__Input data__:

▬▬▬▬▬▬▬▬▬▬

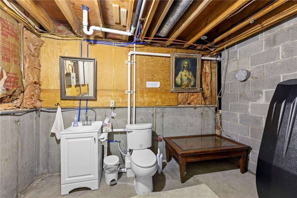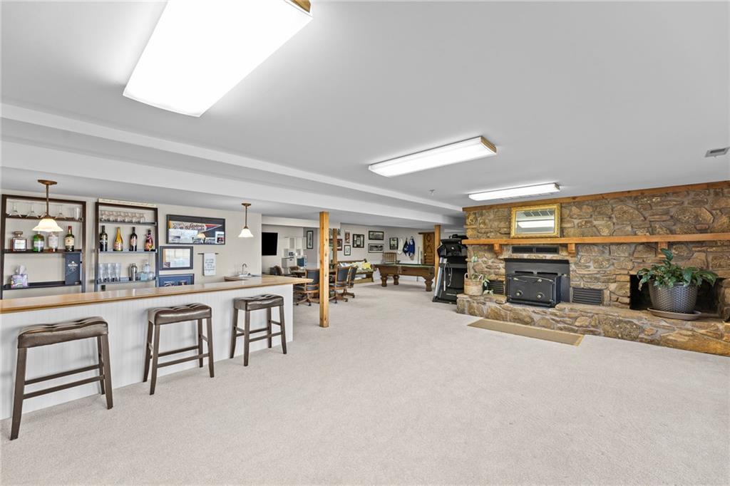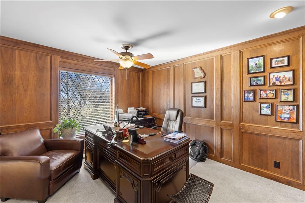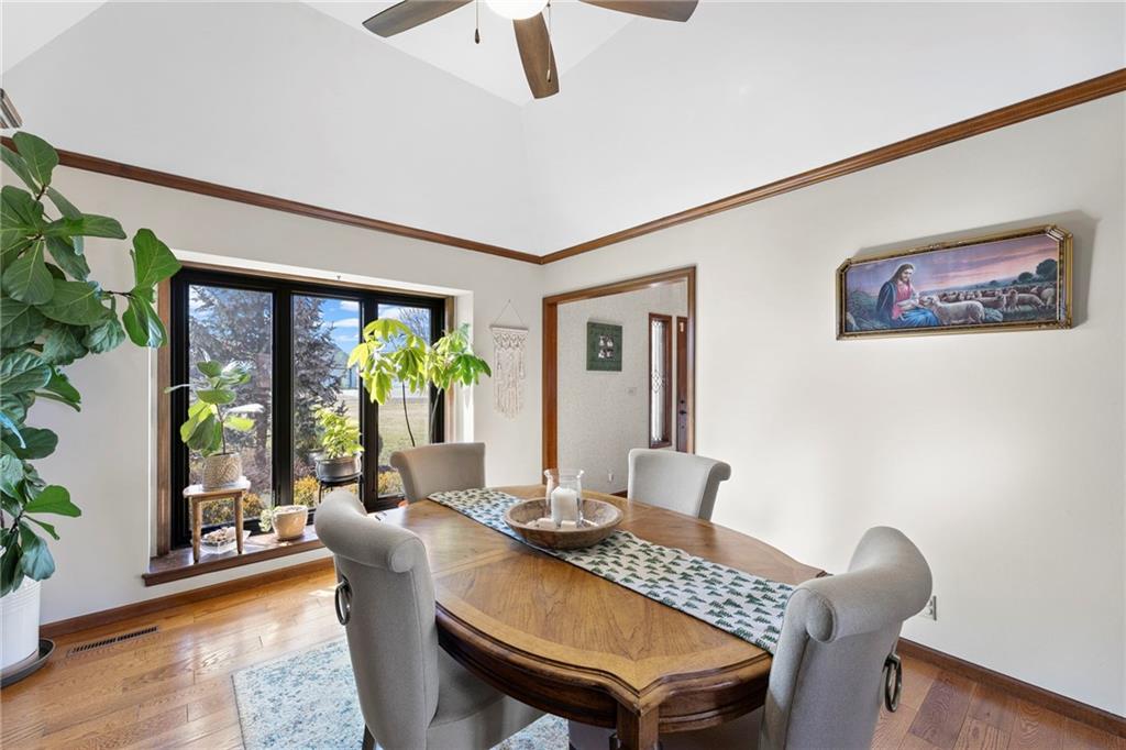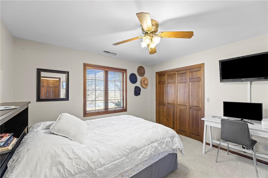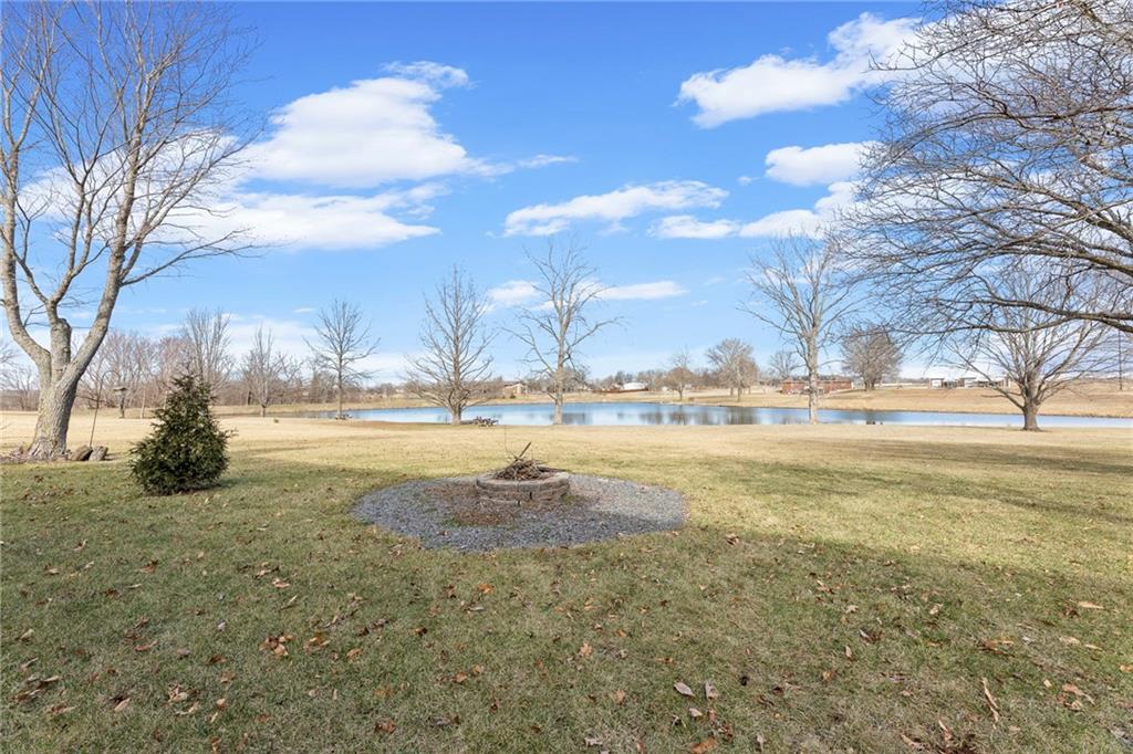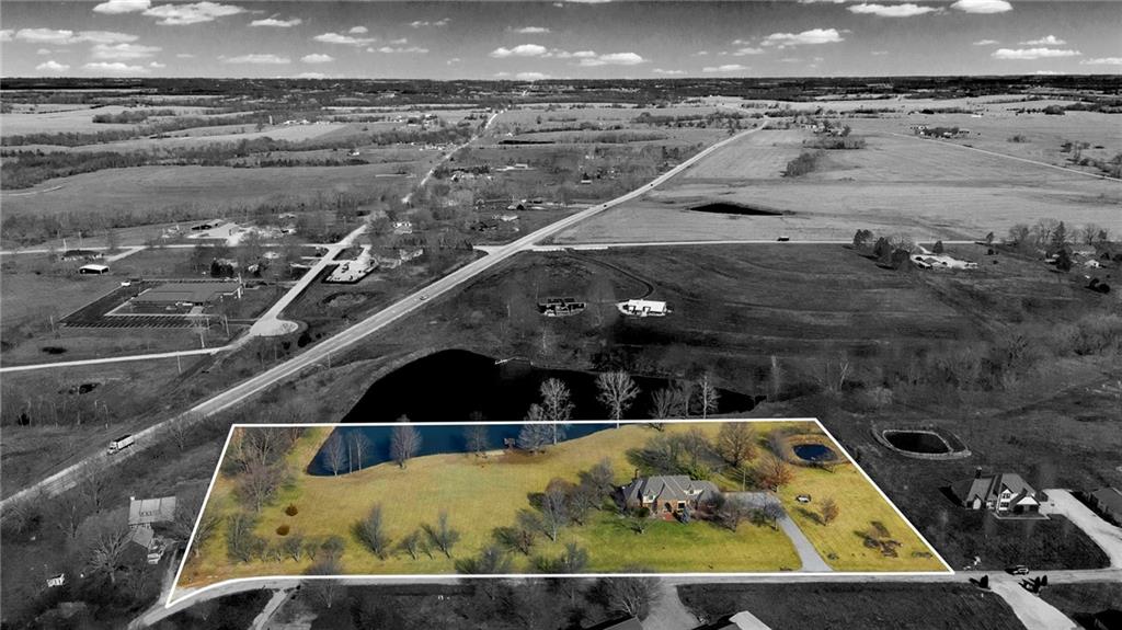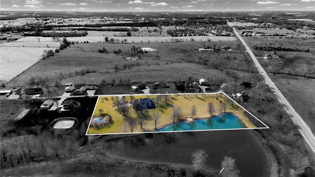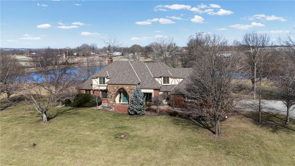 Nestled on 4.95 lush acres just north of the Paola Country Club, this exceptional custom-built 1.5-story residence offers a rare blend of superior craftsmanship and tranquil lakeside living. The heart of the home is a gourmet kitchen finished with rich walnut cabinetry, granite countertops, and warm oak hardwood floors, which flows seamlessly into a magnificent great room where walls of windows frame breathtaking views of a 2-3 acre stocked shared lake. Architectural integrity shines through the 6-inch wall construction, Anderson windows, and a high-impact resistant roof, while the interior showcases refined details like a custom-designed pecan study with solid core doors and two fireplaces. The main-floor primary suite serves as a private sanctuary with vaulted ceilings, walk-in closets, a shower and granite double vanities with Kohler fixtures. Upstairs, three additional spacious bedrooms share a beautifully updated full bathroom, ensuring comfort for family or guests. The versatile walkout lower level extends the living space with a bright family room, den, and a dedicated 24x13 workshop, all leading out to a sprawling yard, perfect for entertaining. Enjoy the fruit trees, blackberry bushes, strawberry and asparagus patches, plus a 30 ft. x 12 ft. garden area. Situated on a quiet dead-end road, this meticulously maintained brick frame and stone trim estate provides a serene escape without sacrificing proximity to local amenities.
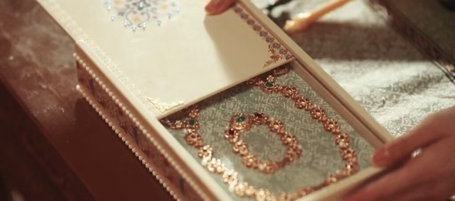 裴柔嘉拿出一只紫檀雕花匣。匣面錾刻着缠枝牡丹纹,四角包着错金云头。
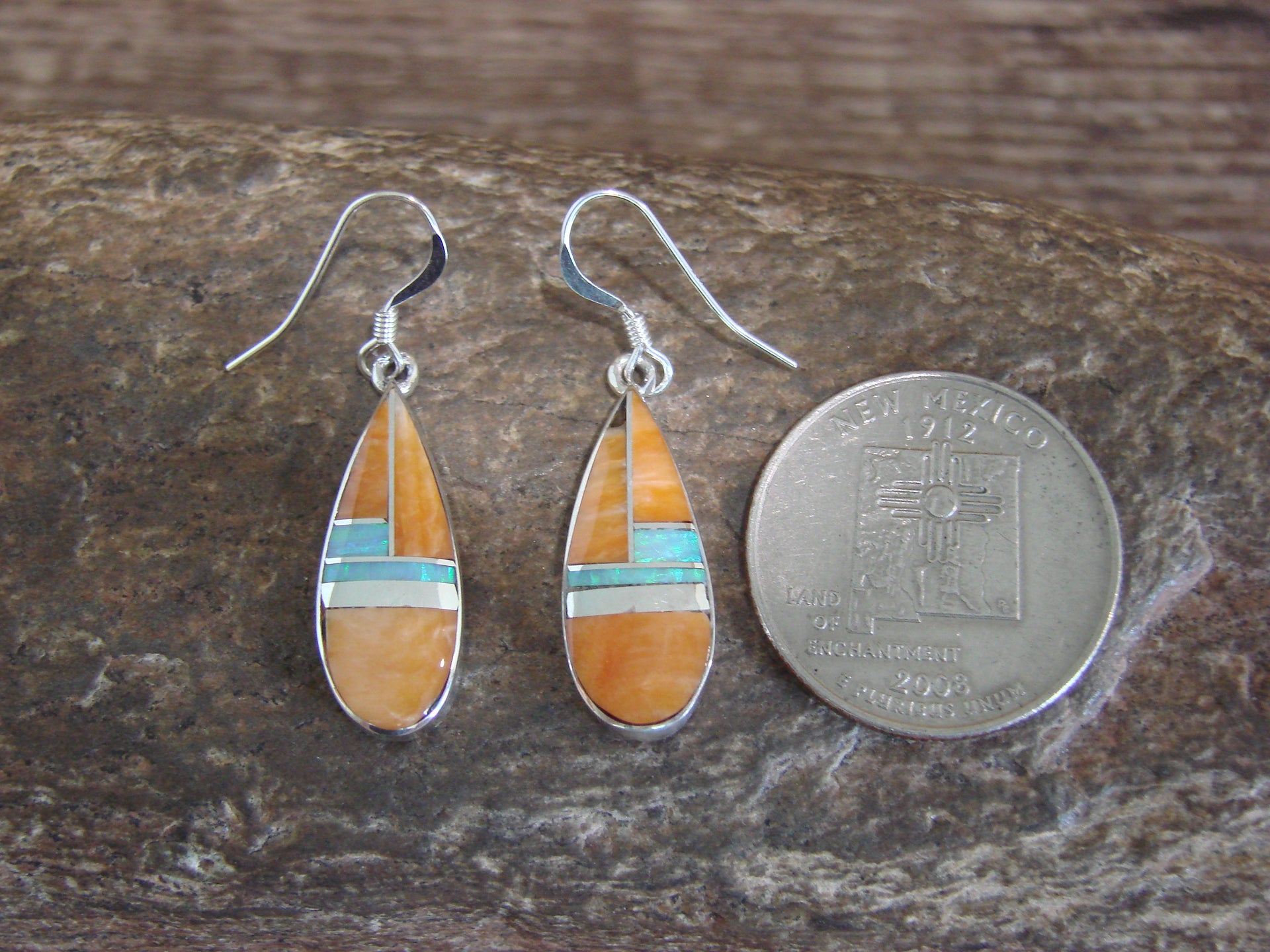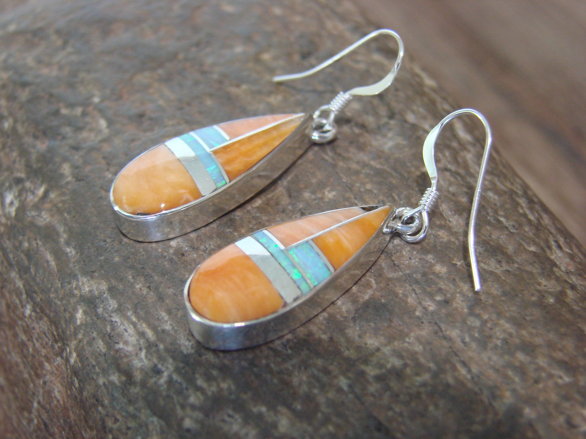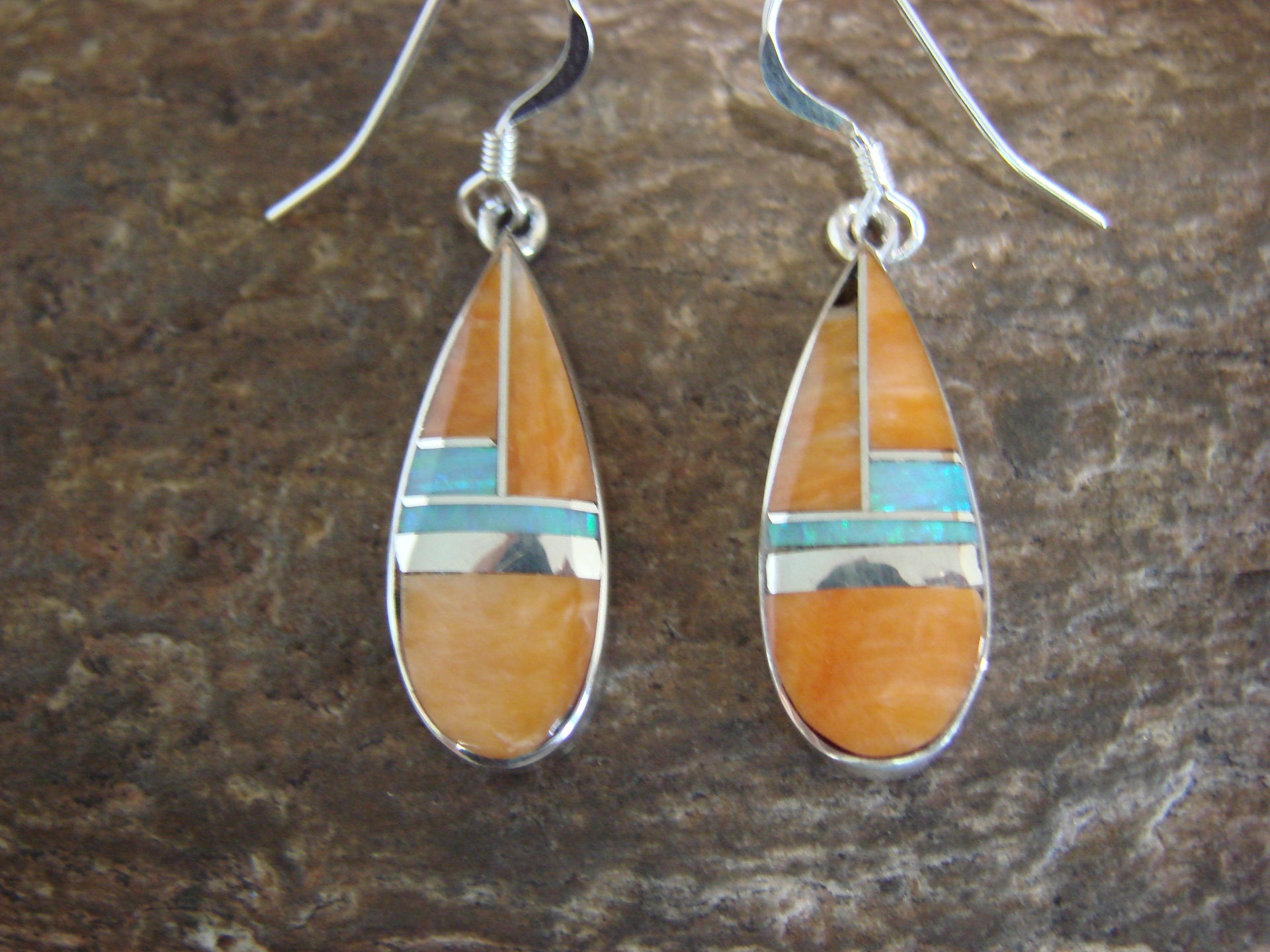- Native American Sterling Silver & Spiny Oyster Inlay Dangle Earrings by Manygoats

▬▬▬▬▬▬▬▬▬▬

__The task__: Your task is to retype, exactly and only, the lines from the line holding "裴柔嘉拿出一只紫檀雕花匣。匣面錾刻着缠枝牡丹纹,四角包着错金云头。" through the final line of the data above, with both ends kept. Drop the pictures.

__Result below__:
 裴柔嘉拿出一只紫檀雕花匣。匣面錾刻着缠枝牡丹纹,四角包着错金云头。
- Native American Sterling Silver & Spiny Oyster Inlay Dangle Earrings by Manygoats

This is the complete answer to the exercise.